### Boosting - One more Ensemble Technique
Just like random forest boosting is one of the techniques under category of ensemble machine learning algorithms, where you train multiple models and try to solve for the objective of optimizing the end outcome. 

In this article we will try to understand the basic premise of boosting, how it works and what are the differences between random forest and boosting. In the end we will try to run our ```German Credit Score``` data to understand performance of boosting. 

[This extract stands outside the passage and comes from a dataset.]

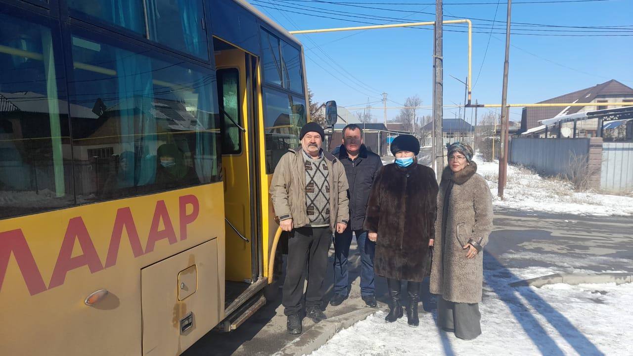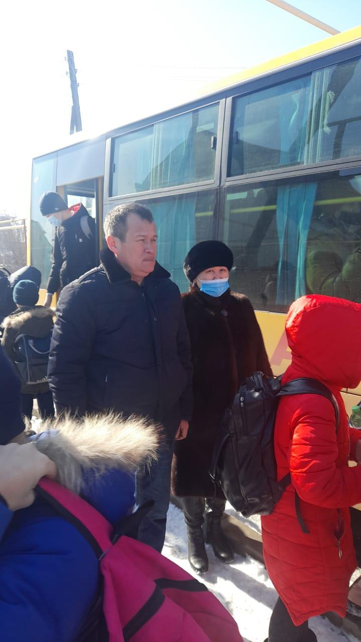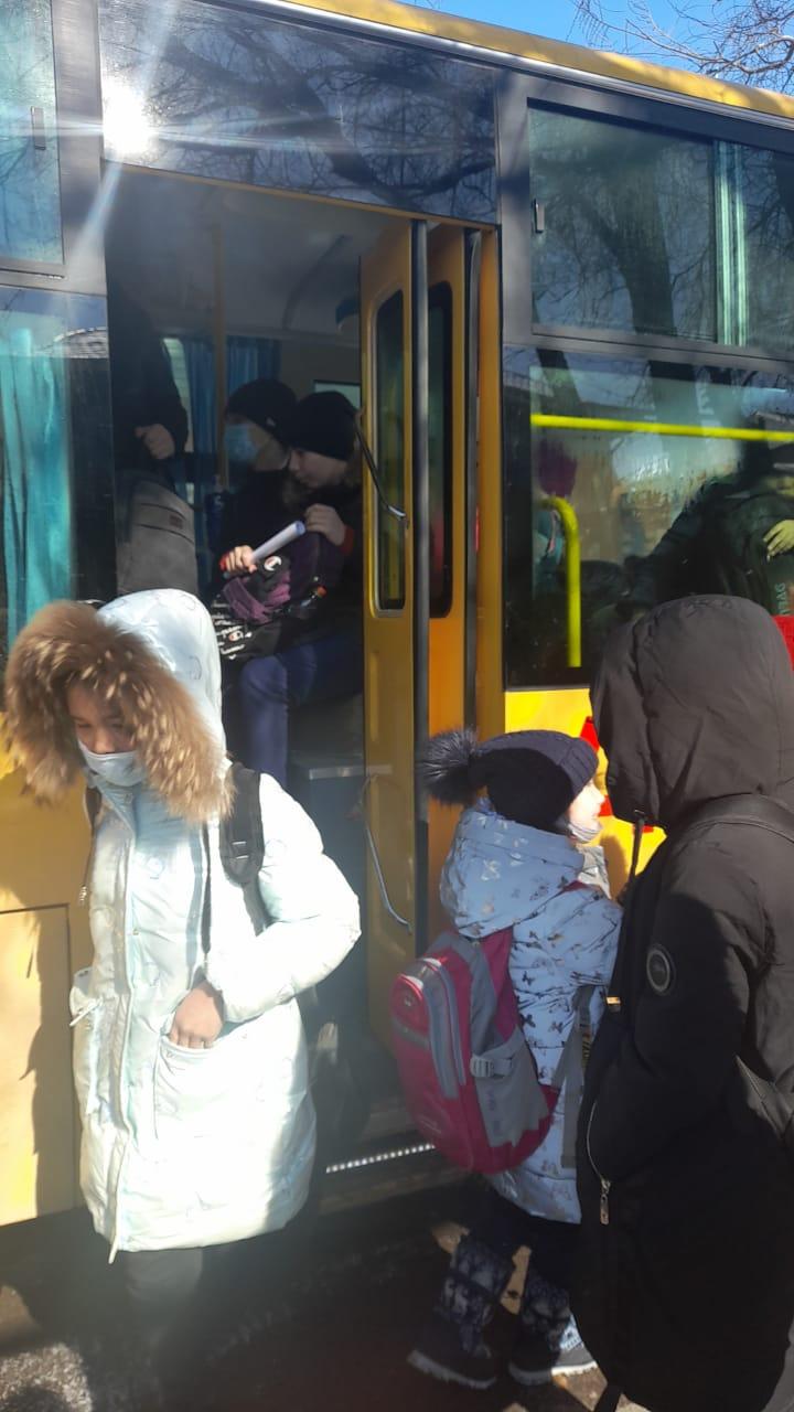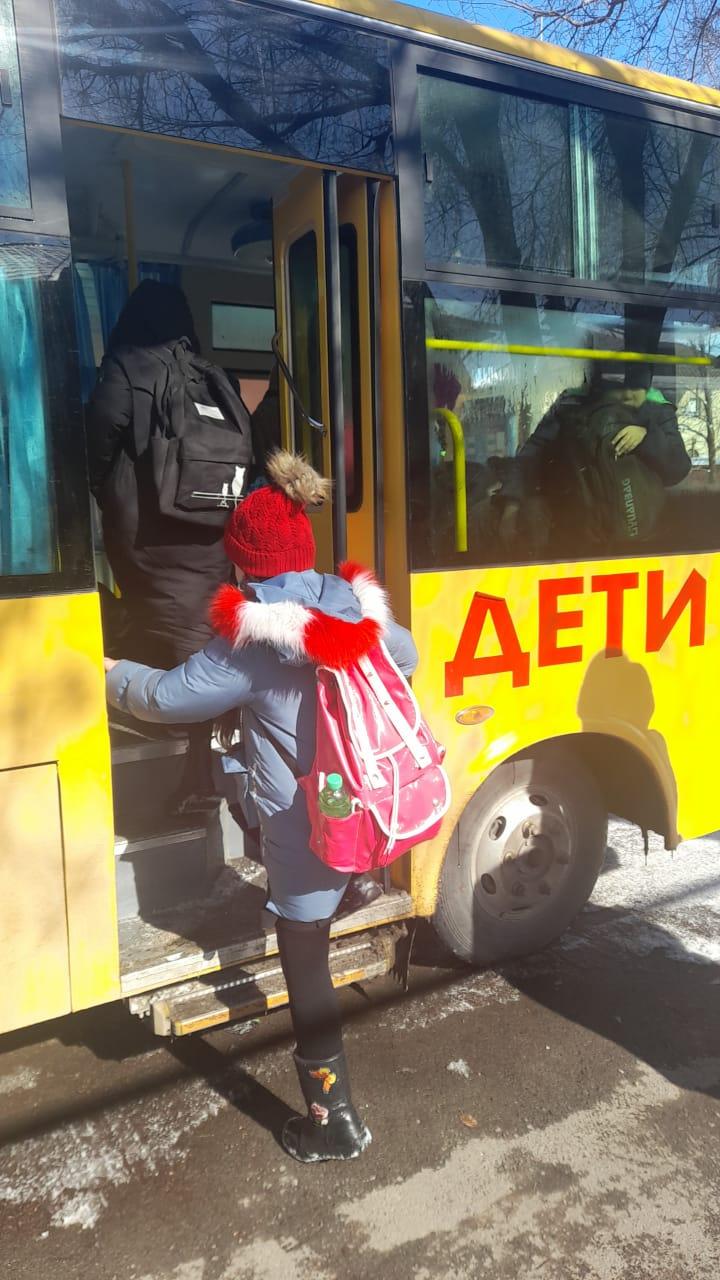 Автобуста талапқа сай «Балалар» деген белгі, жүргізушіде қозғалыс кестесі мен балалардың тізімі бар.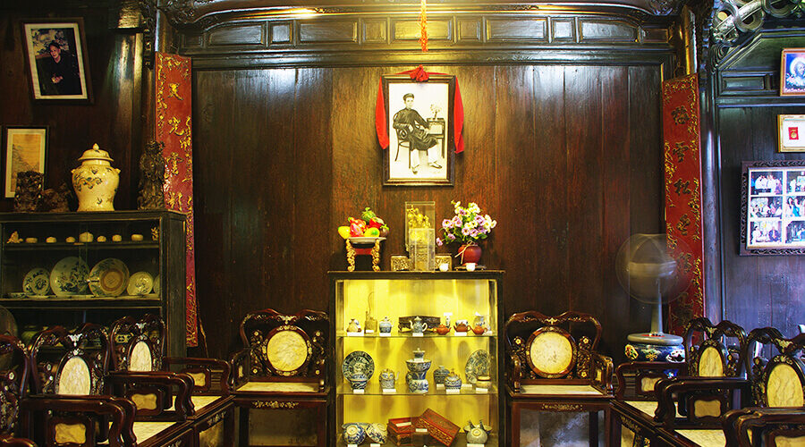 The house was built by Mr. Le Cong – a businessman of Chinese origin, got rich by trading agricultural products at that time. During his son’s generation, the house was named Tan Ky – meaning prosperity in business. In front of the house is Nguyen Thai Hoc street, bustling with trade, meanwhile behind the house is the gentle Thu Bon river to facilitate importing goods.

This will be a relatively more theoretical article against the articles I have written in the past, hope you like it. 
So let's get going. 

#### What is boosting
If I have to define boosting in one line then it will be the most popular definition - *Boosting is a technique of combining multiple weak-classifiers into a single strong classifier*. Now multiple weak classifiers if deployed in parallel would never result in a good result, because probability of each-one of them committing the same mistake is pretty high and when you average out you would on average get the similar mistakes being done. 

Which essentially is a classic adage of data-science *Garbage in Garbage out*. 

Therefore boosting is deployed as serial processing where each *weak-classifier* operates on the mistake done by the previous classifier and tries to reduce it resulting in an overall better result.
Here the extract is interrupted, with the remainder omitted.